(SOURCE DATA)
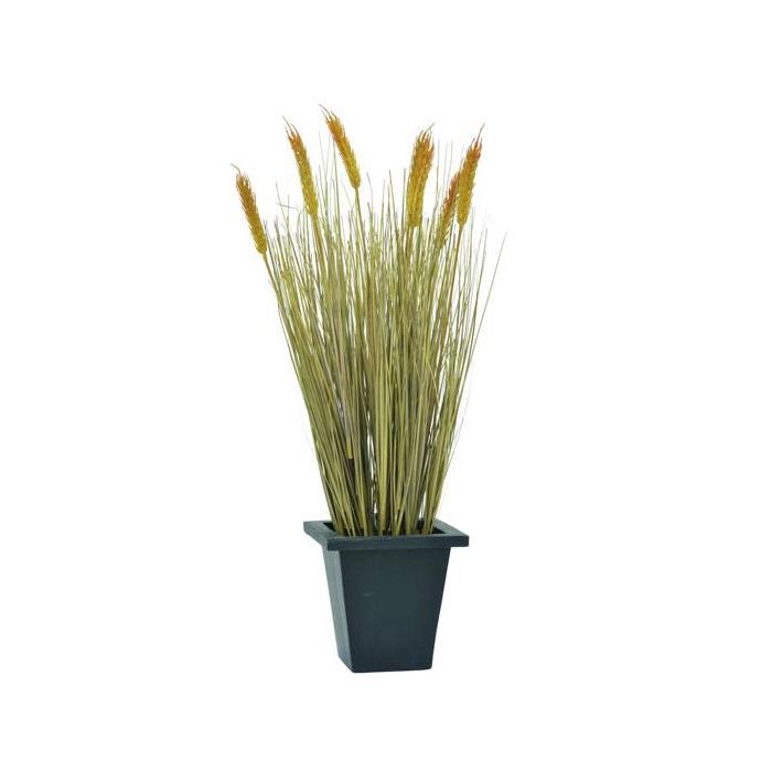 Joli blé décoratif dans son pot carré. Cette plante artificielle est composée d'environ 30 touffes d'herbe et mesure au total environ 60 cm.
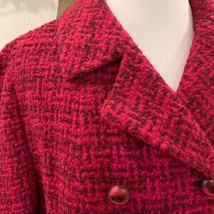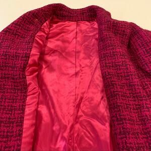 Absolutely stunning vintage coat in pink tweed! Union-made and amazing quality. No size or materials tags, but feels and looks like wool or a wool blend. Very heavyweight and warm. Accent buttons have the look of lucite. Fully-lined with a satiny material backed with what appears to be wool (see pic).
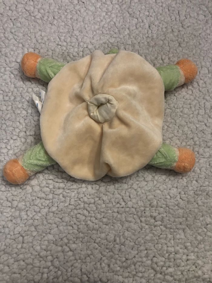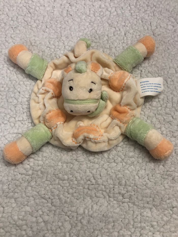 Doudou cheval, poney, âne Plat rond ecrue orange vert Kimbaloo Occasion en très bon état Vous achetez le doudou que vous voyez que la proto
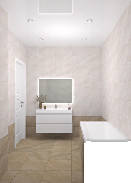Ванная комната облицованная двумя видами керамической плитки разного цвета российского производителя Gracia Ceramica Коллекция Tibet.
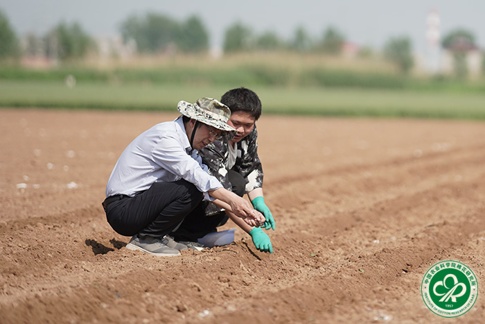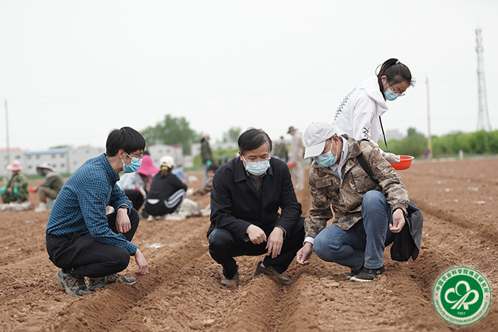 所长李付广(左二)指导棉花田间播种工作
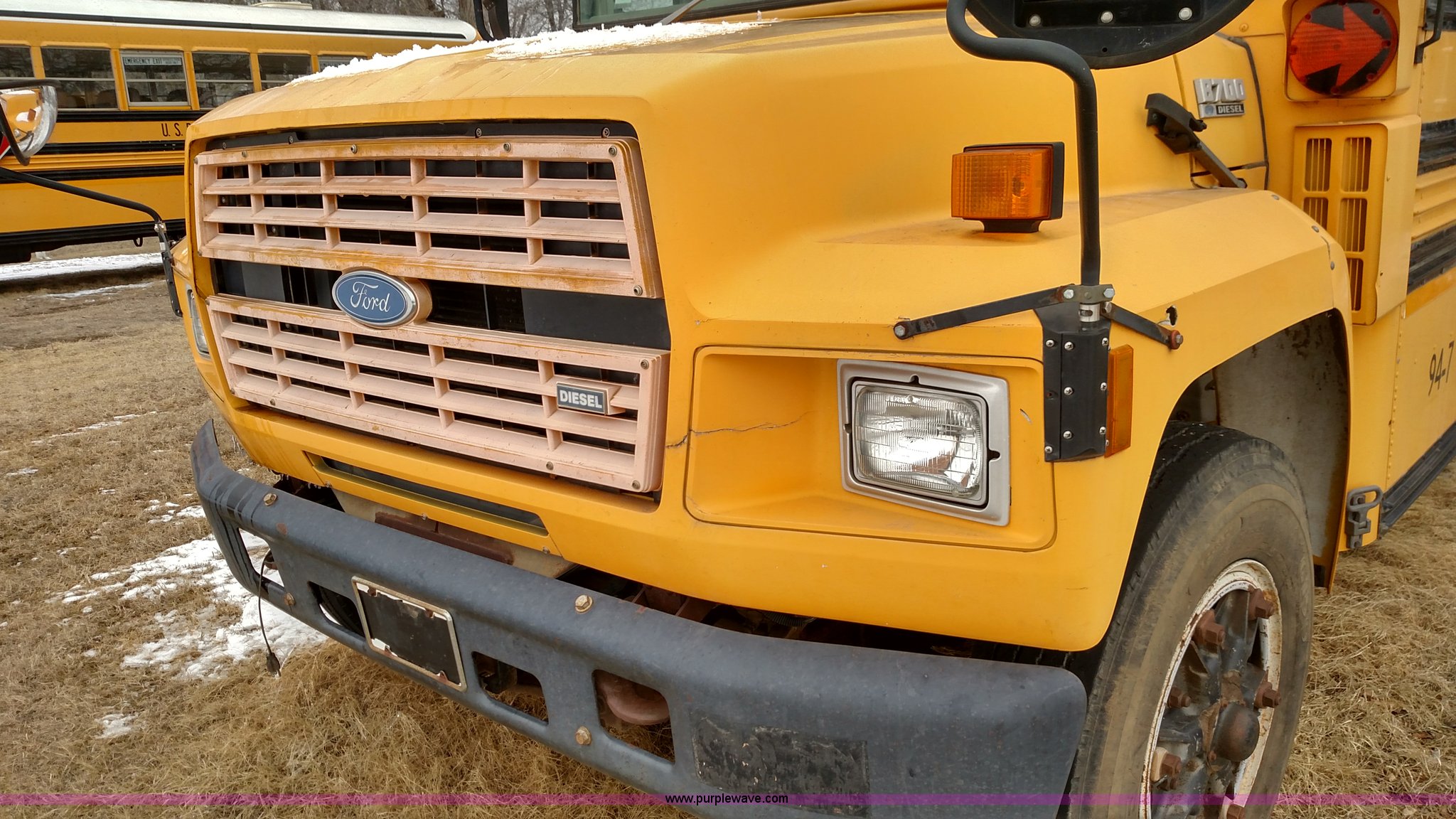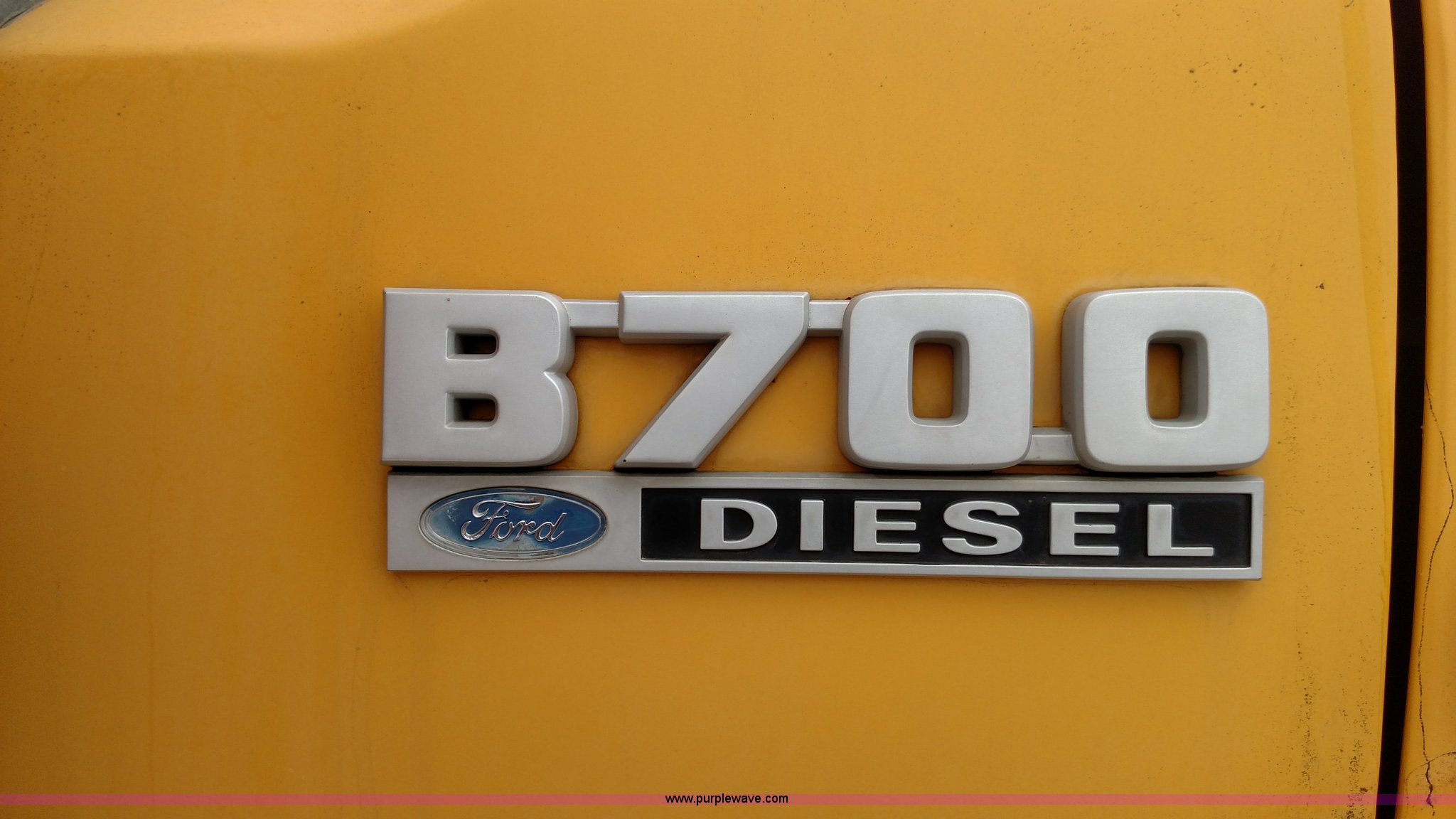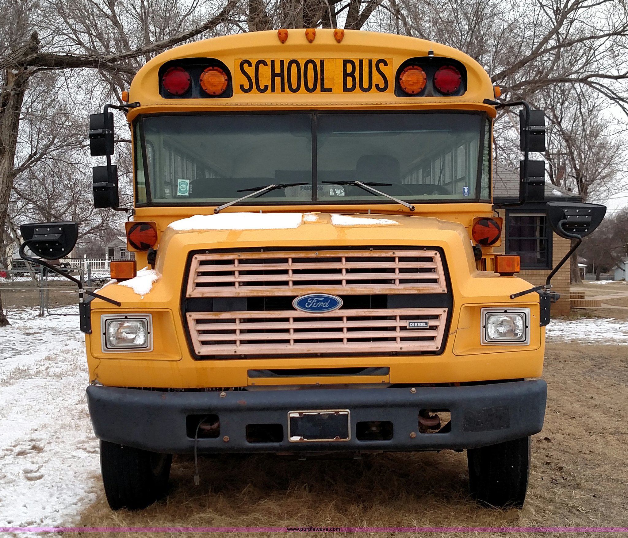 Purple Wave is selling a used Bus in Kansas. This item is a 1994 Ford B700 school bus with the following: 190,946 miles on odometer, Cummins ISB 5.9L L6 diesel engine, Automatic transmission, Heat, AM/FM, 47 passenger capacity, (2) front kid passenger seats, Blue Bird body, Model M66080, 9.00R20 tires, Interior/exterior cosmetic damage, Kenwood two-way radio not included
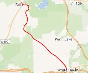 Pennsylvania Route 437 (PA 437) is an 11.2-mile-long (18.0 km) state highway located in Luzerne County in Pennsylvania. The southern terminus is at PA 940 in White Haven. The northern terminus is at PA 309 in the Fairview Township community of Mountain Top. PA 437 runs southeast-northwest through forested mountain areas as a two-lane undivided road. The roadway was paved by 1930 and designated PA 437 in the 1960s.
(End SOURCE DATA)
A word-for-word copy of the lines from the start of the listing through the line containing "所长李付广(左二)指导棉花田间播种工作" is the answer. Pictures stay out of it.

RESULT FOR THIS EXERCISE:
 Joli blé décoratif dans son pot carré. Cette plante artificielle est composée d'environ 30 touffes d'herbe et mesure au total environ 60 cm.
 Absolutely stunning vintage coat in pink tweed! Union-made and amazing quality. No size or materials tags, but feels and looks like wool or a wool blend. Very heavyweight and warm. Accent buttons have the look of lucite. Fully-lined with a satiny material backed with what appears to be wool (see pic).
 Doudou cheval, poney, âne Plat rond ecrue orange vert Kimbaloo Occasion en très bon état Vous achetez le doudou que vous voyez que la proto
Ванная комната облицованная двумя видами керамической плитки разного цвета российского производителя Gracia Ceramica Коллекция Tibet.
 所长李付广(左二)指导棉花田间播种工作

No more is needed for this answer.